In his latest conference speech, Mr Cameron has announced a relaxation of current planning laws with a view to increasing home ownership in Britain and shift from ‘generation rent’ to ‘generation buy’. David Cameron’s affordable homes scheme is bad news for generation rent.
Currently, planning rules state that property developers are required to build affordable homes for rent; Cameron plans to scrap these requirements and make it so that developers will have fulfilled their obligations to the council if they build homes for purchase. For the first time, the definition of ‘affordable housing’ will be reformed to include starter-homes for first-time buyers (under 40), not solely to rent.
Under the scheme, houses must be 20% below the market rent and capped at £450,000 inside London and £250,000 outside.

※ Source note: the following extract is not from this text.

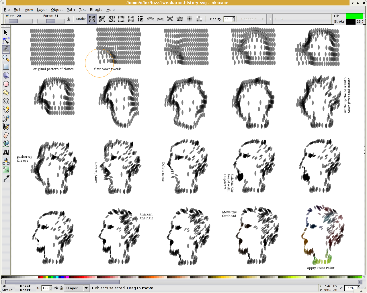 - Clones (copies liées "vivantes" d'objets), y compris un outil permettant de créer des motifs et des arrangements de clones.

Cameron believes that this reform is in line with what young adults want – “For years politicians have been talking about building what they call affordable homes but the phrase was deceptive. It basically means ones that were only available for rent. What people want are homes they can actually own.”
Young adults nowadays are exhibiting a ‘we buy any home‘ attitude; they are seemingly desperate to get onto the property ladder whatever it takes.
The affordable home scheme, therefore, is fantastic in theory, but is it actually feasible?
Of course, given the option in ideal circumstances, young adults would wish to invest in a property rather than fritter away their pay checks on rent for months on end, with nothing to show for it. But the truth of the matter is, many of these young adults are unable to afford to buy one of these so called ‘affordable’ homes; it seems they aren’t quite what they say on the tin.
These homes are effectively useless to those who are ‘priced-out’, or don’t have a nest egg to pour into a deposit and monthly mortgage payments; at best, the ‘affordable homes’ provide an alternative for those who might have used the existing ‘help to buy scheme’.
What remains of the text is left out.